> [WHAT NEEDS TO BE DONE] All lines from the opening of the material up to and including the line with "Площадь кухни 6.1 м2" should be transcribed exactly, pictures excepted.

> [GIVEN DATA]
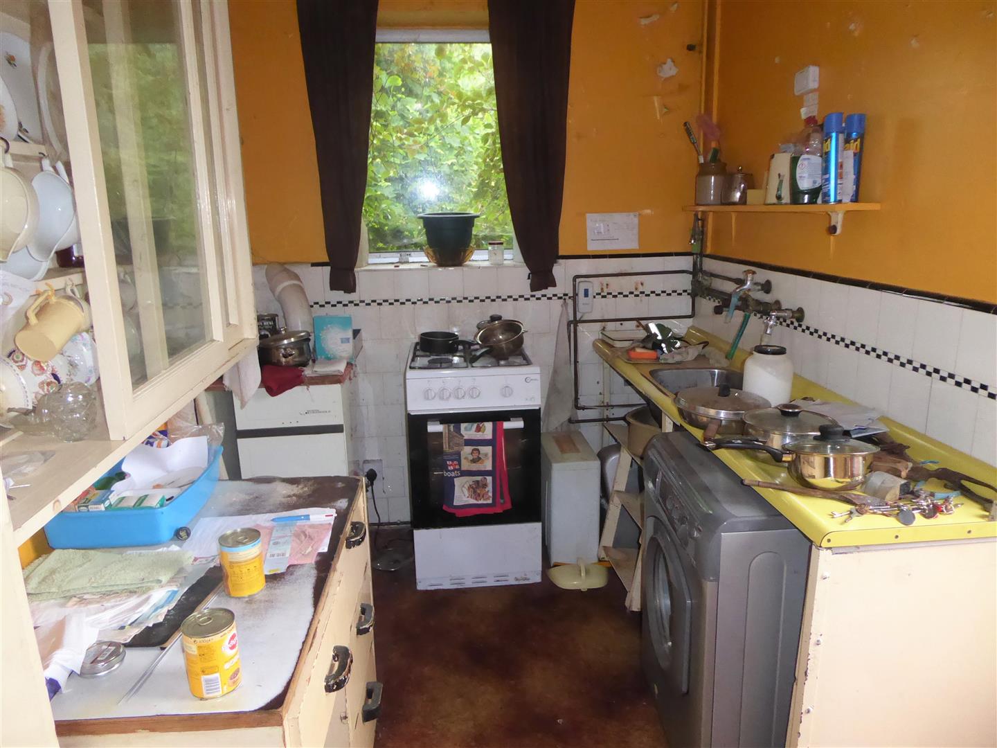 Kitchen - Single drainer sink unit with mixer tap, wall mounted unit, space for cooker and washing machine, floor mounted boiler, part tiled walls, rear aspect window, larder cupboard and door to garden.
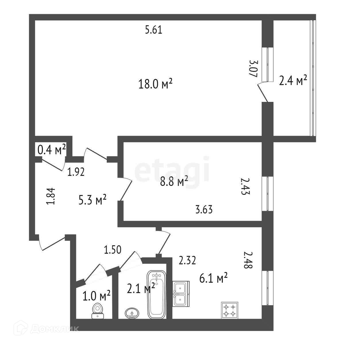 Площадь кухни 6.1 м2
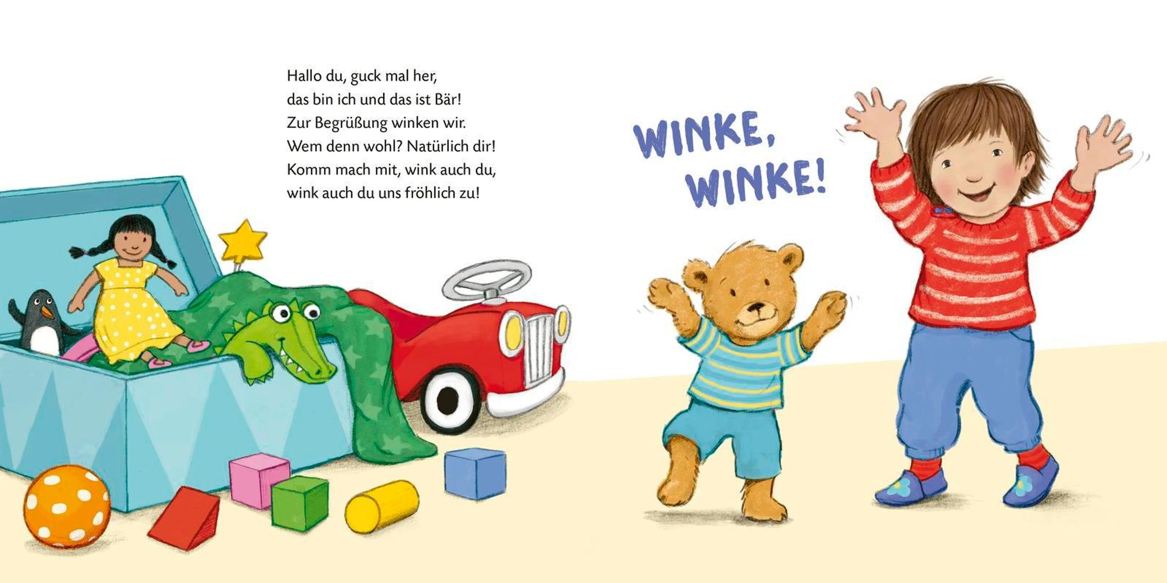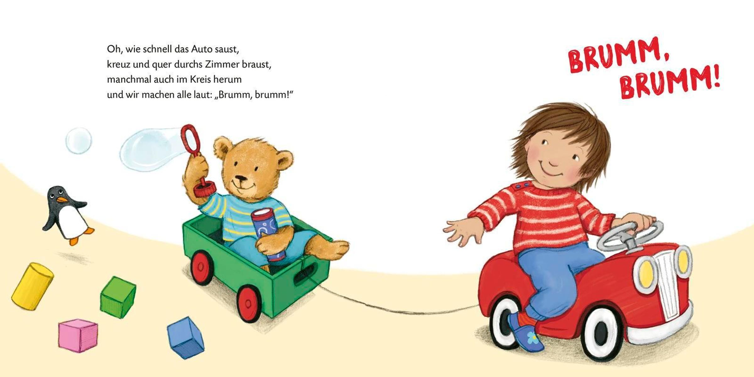 In diesem Buch zum Mitmachen für Kinder ab 18 Monaten werden Seifenblasen über die Seite gepustet, kommt ein Spielzeugauto mit lautem Brummbrumm um die Ecke gedüst und Kind und Bär spielen Verstecken. So kommt Bewegung in jedes Kinderzimmer und Schwung in die Sprachentwicklung. Lustige, animierende Reime, Bewegung und Sinneswahrnehmung sind die ideale Kombination um das Kind ganzheitlich und mit Spaß in der Entwicklung zu unterstützen.

> [YOUR SOLUTION]
 Kitchen - Single drainer sink unit with mixer tap, wall mounted unit, space for cooker and washing machine, floor mounted boiler, part tiled walls, rear aspect window, larder cupboard and door to garden.
 Площадь кухни 6.1 м2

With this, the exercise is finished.